Table 3.3: Numbers and figures for GLDB:NEO; (*antonyms, hyponyms, hyperonyms and cohyponyms)

	All PoS	Nouns	Verbs	Adjectives	Adverbs	Other
Number of Entries	61050	41810	7641	9296	1169	1134
Number of Senses	67785	45446	9752	10184	1323	1080
Senses/Entry	1.11	1.09	1.28	1.10	1.13	0.95
Morpho-Syntax			Yes	Yes
Synonyms	Yes
- Number of Synonyms,...*	34201	19633	5895	7280	821	572
Sense Indicators	No
Semantic Network	No
Semantic Features	No
Multilingual Relations	NO
Argument Structure	19082	7406	9739	1929	1	7
Domain Labels	Yes
- Domain Types	95
- Domain Tokens	85971	58297	8102	16823	756	2173
- Domains/Sense	1.27	1.28	0.83	1.65	0.43	2.01

Description

The information in the database is centered around two main information blocks, the lemma and the lexeme. The lemma comprises formal data: technical stem, spelling variation, part of speech, inflection(s), pronunciation(s), stress, morpheme division, compound boundary and element, abbreviated form, verbal nouns (for verbs). The lexemes are in their turn divided into two main categories, a compulsory kernel sense and a non-compulsory set of one or more sub-senses, called the cycles. Both categories comprise the variables, definition, definition extension, formal (mainly grammatical) comment, main comment, references, morphological examples and syntactical examples. The kernels are in addition marked with terminological domain(s), and the cycles have additional information about area of usage and type of sub-sense.

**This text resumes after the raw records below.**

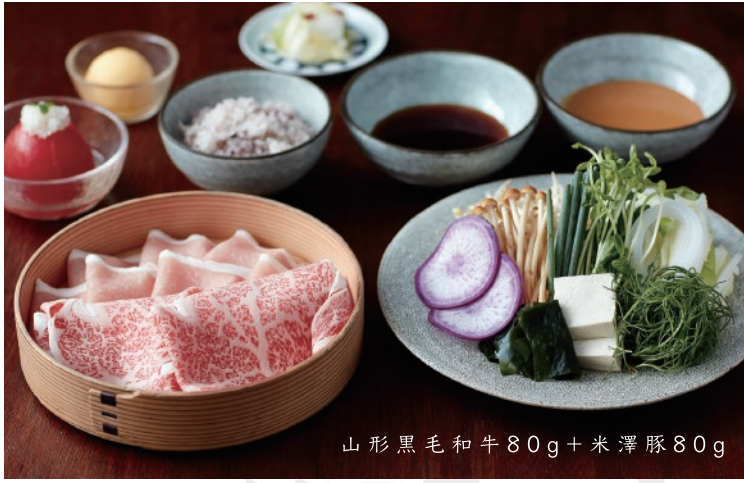
山形黒毛和牛80g+米澤豚80g

牛肉はA4ランク以上の良質な国産の黒毛和牛のリブロースを三種類ご用意しております。お好きなお肉をお選びください。豚肉はすべて「米澤豚一番育ち」を使用しております。
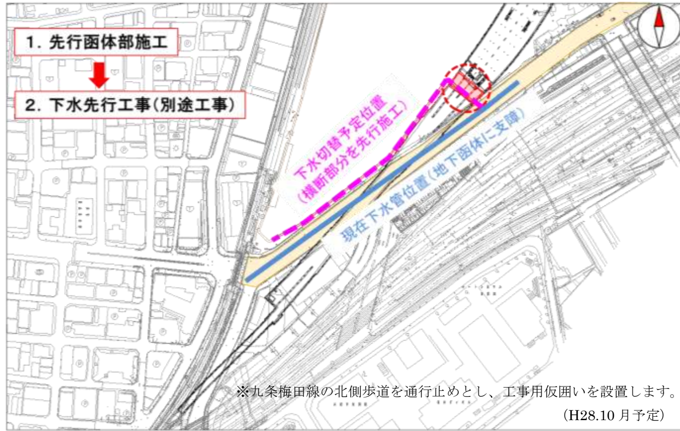
<STEP 1> 平成28年9月～平成29年4月 (予定)
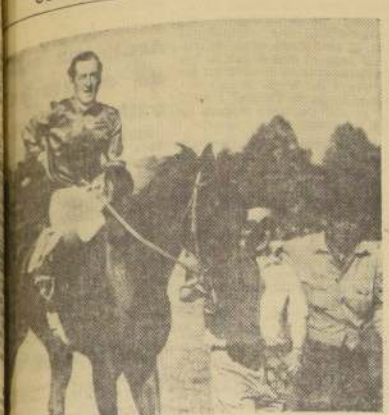
El ganador de "El Ensayo" cumplió un apronte en el Club Hípico. Se decidió no hacerlo en "El Derby" y dejarlo, en cambio, para el "Saint Leger".

CON UN COTEJO DE CALIDAD CUMPLIDO AYER, EL HIJO DE ESPACE VITAL DEMOSTRO SU RECUPERACION
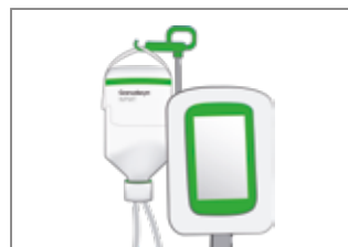
3. Hängen Sie die Flasche an den Tragegriff der Aufhängevorrichtung.
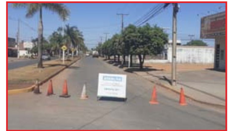
Secretaria orienta que motoristas busquem rotas alternativas
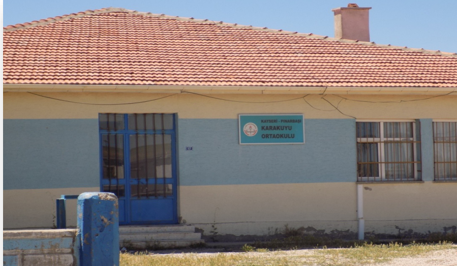
Fotoğraf 13: Karakuyu Ortaokulu-11.07.2017
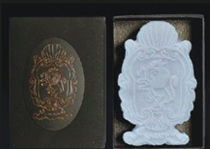
CASATI BIG CAMEO WHITE GOLD
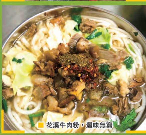
■花溪牛肉粉，迴味無窮
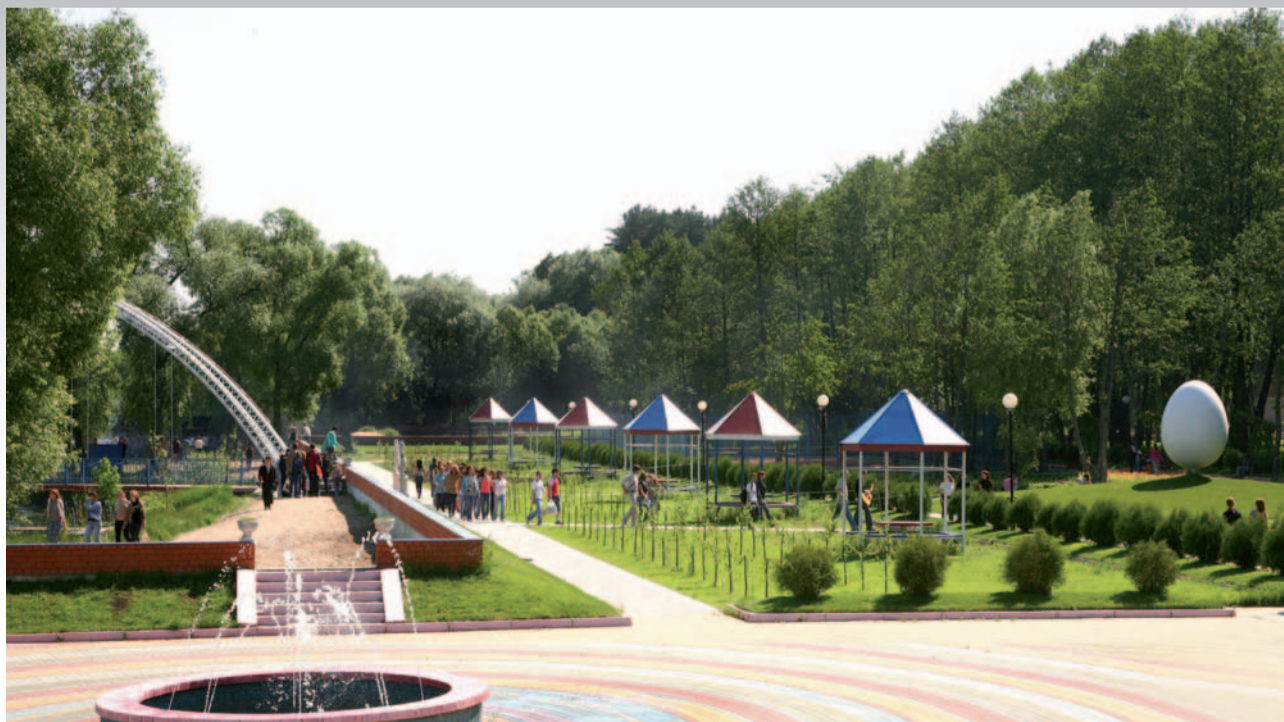
Настоящий студент и работает, и отдыхает со вкусом. В том числе и в природном парке БелГУ «Нежеголь», где воздух так чист и свеж!

Виды профессиональной деятельности: научно-исследовательская, экспериментальная, теоретическая и расчетная. Сфера профессиональной деятельности – высшие учебные заведения, научно-исследовательские институты, лаборатории, конструкторские и проектные бюро и фирмы, производственные объединения и предприятия, учреждения системы высшего и среднего специального образования и лечебно-диагностические учреждения, клиники и госпитали, имеющие сложное современное наукоемкое оборудование.

The Aristotelian type of definition with genus proximum and differentia specifica focusing relevant semantic concepts of the kernel sense is the main source of semantic information. A great deal of the definitions are extended with additional semantic information of a non-kernel character which has a separate place in the database, the definition extension. For instance, selection restrictions of external and/or internal arguments of verbs and adjectives are often specified here. (The information on selection restrictions is not strictly formalized and therefore not included in the above table.)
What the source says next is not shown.